» **Task prompt**: Copy out the data below from the line containing "表格名称:不发火(防爆)面层检验批质量验收记录表" to the line containing "Abxylute nutzt die", both lines included, with all images left out.

» **Records shown**:
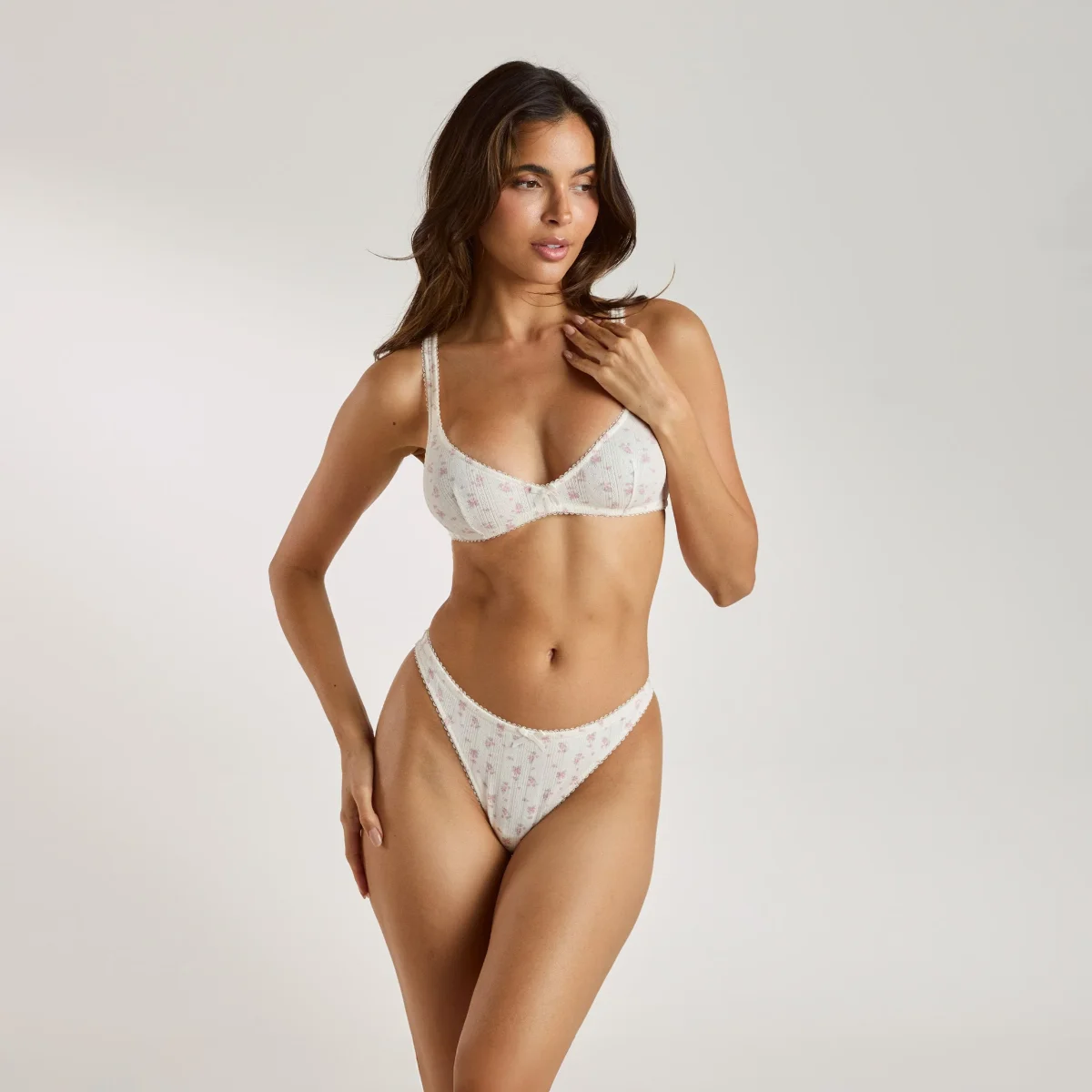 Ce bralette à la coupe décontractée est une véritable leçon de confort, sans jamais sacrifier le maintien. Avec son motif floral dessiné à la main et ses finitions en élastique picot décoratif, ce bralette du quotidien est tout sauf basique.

...

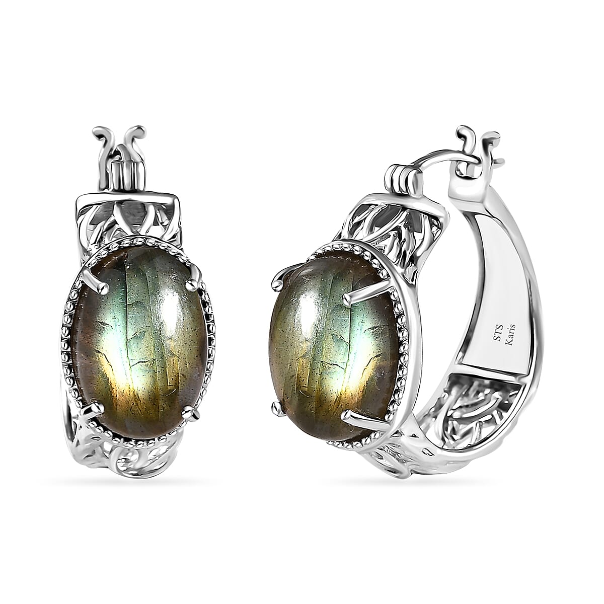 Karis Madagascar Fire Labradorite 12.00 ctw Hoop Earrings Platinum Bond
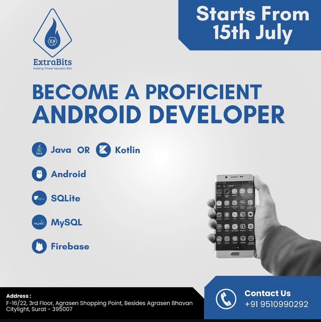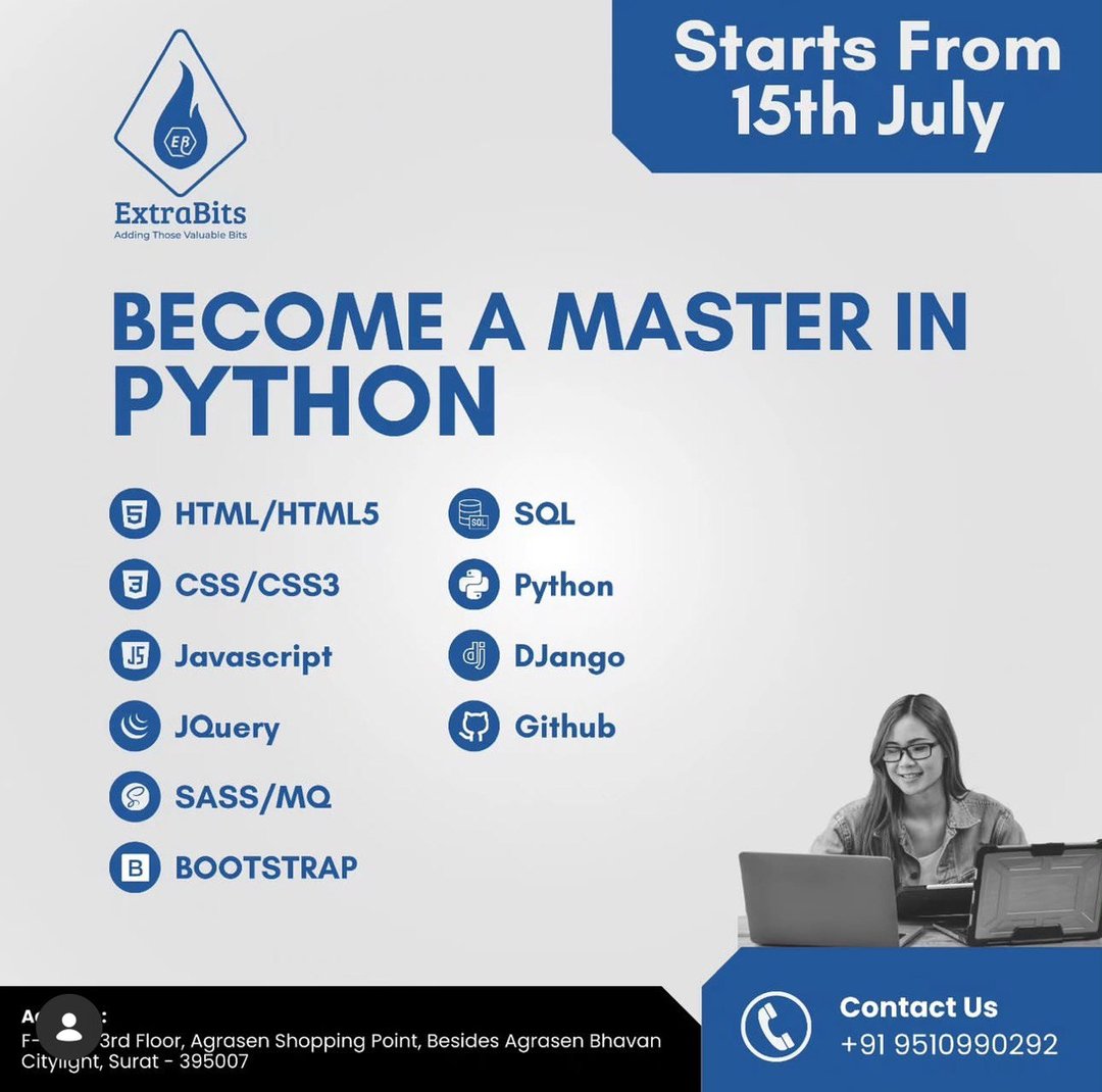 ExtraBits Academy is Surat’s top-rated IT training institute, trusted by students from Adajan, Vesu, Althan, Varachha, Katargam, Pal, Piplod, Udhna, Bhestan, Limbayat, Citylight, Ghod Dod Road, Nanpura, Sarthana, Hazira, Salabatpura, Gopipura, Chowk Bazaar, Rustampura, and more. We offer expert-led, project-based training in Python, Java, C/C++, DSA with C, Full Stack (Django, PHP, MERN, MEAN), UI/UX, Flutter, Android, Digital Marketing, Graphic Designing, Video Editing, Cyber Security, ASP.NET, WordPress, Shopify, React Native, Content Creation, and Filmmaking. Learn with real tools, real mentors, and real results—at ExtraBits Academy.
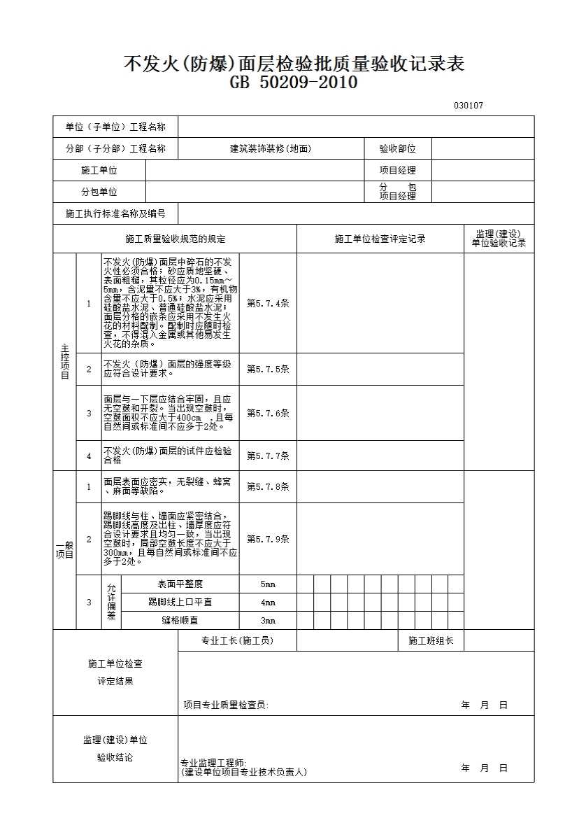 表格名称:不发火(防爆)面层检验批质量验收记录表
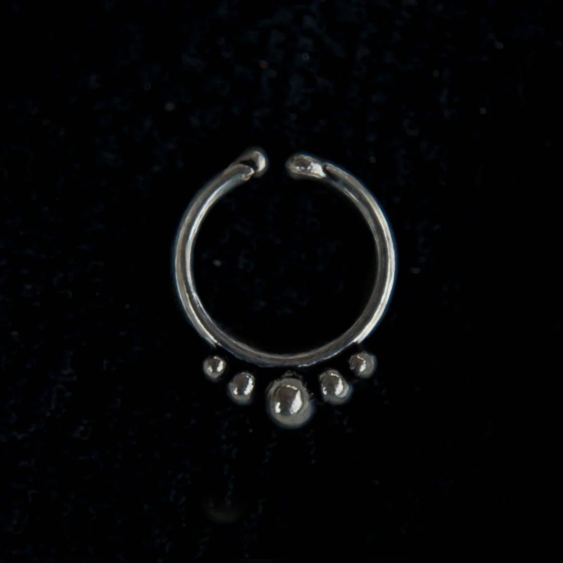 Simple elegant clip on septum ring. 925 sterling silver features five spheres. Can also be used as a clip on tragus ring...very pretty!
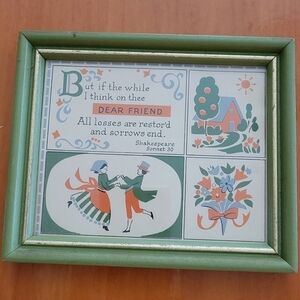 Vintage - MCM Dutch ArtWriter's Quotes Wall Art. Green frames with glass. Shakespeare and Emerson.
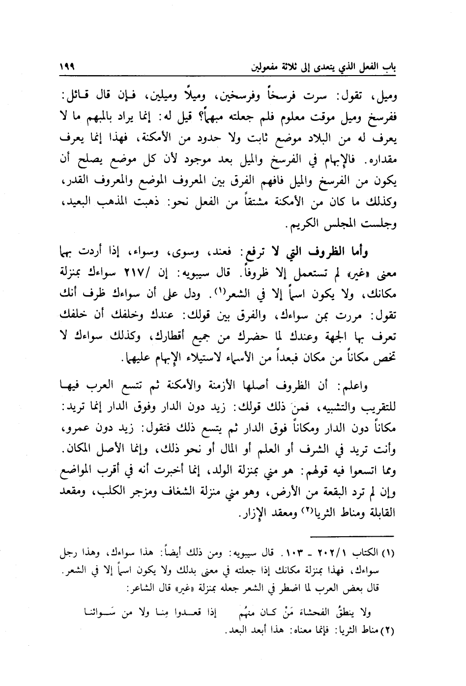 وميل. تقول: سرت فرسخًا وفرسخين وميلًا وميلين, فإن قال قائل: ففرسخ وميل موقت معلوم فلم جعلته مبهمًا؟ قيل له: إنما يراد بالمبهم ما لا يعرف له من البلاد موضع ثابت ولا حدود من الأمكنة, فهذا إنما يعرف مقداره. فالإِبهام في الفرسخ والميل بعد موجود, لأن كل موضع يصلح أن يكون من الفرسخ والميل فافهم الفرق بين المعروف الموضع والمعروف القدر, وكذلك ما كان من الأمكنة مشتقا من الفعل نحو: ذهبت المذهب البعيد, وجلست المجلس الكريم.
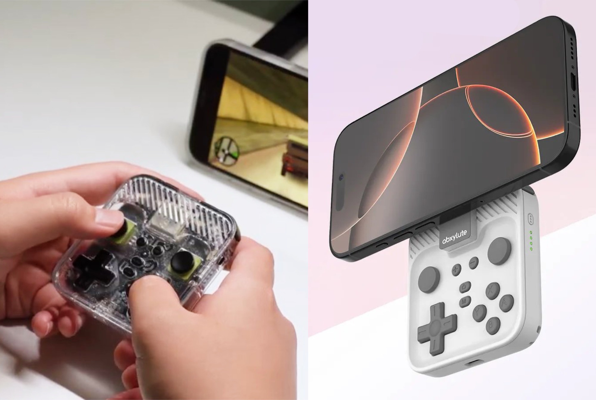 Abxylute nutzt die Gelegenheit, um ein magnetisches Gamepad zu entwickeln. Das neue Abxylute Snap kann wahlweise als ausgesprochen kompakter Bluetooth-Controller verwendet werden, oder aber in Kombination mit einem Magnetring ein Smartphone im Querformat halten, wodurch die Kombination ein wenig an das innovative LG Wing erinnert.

==

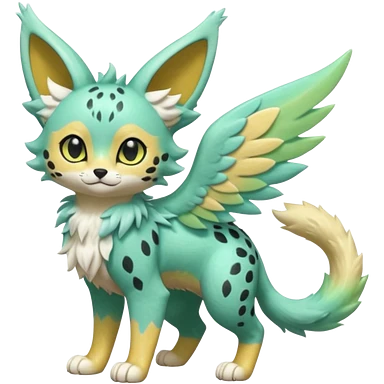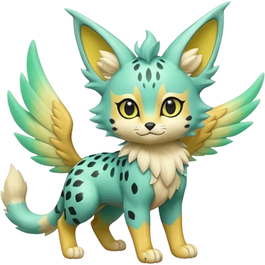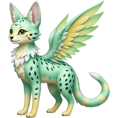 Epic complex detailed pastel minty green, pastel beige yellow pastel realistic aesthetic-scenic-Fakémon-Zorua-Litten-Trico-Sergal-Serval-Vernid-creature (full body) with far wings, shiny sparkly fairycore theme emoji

» **Answer section**:
 表格名称:不发火(防爆)面层检验批质量验收记录表
 Simple elegant clip on septum ring. 925 sterling silver features five spheres. Can also be used as a clip on tragus ring...very pretty!
 Vintage - MCM Dutch ArtWriter's Quotes Wall Art. Green frames with glass. Shakespeare and Emerson.
 وميل. تقول: سرت فرسخًا وفرسخين وميلًا وميلين, فإن قال قائل: ففرسخ وميل موقت معلوم فلم جعلته مبهمًا؟ قيل له: إنما يراد بالمبهم ما لا يعرف له من البلاد موضع ثابت ولا حدود من الأمكنة, فهذا إنما يعرف مقداره. فالإِبهام في الفرسخ والميل بعد موجود, لأن كل موضع يصلح أن يكون من الفرسخ والميل فافهم الفرق بين المعروف الموضع والمعروف القدر, وكذلك ما كان من الأمكنة مشتقا من الفعل نحو: ذهبت المذهب البعيد, وجلست المجلس الكريم.
 Abxylute nutzt die Gelegenheit, um ein magnetisches Gamepad zu entwickeln. Das neue Abxylute Snap kann wahlweise als ausgesprochen kompakter Bluetooth-Controller verwendet werden, oder aber in Kombination mit einem Magnetring ein Smartphone im Querformat halten, wodurch die Kombination ein wenig an das innovative LG Wing erinnert.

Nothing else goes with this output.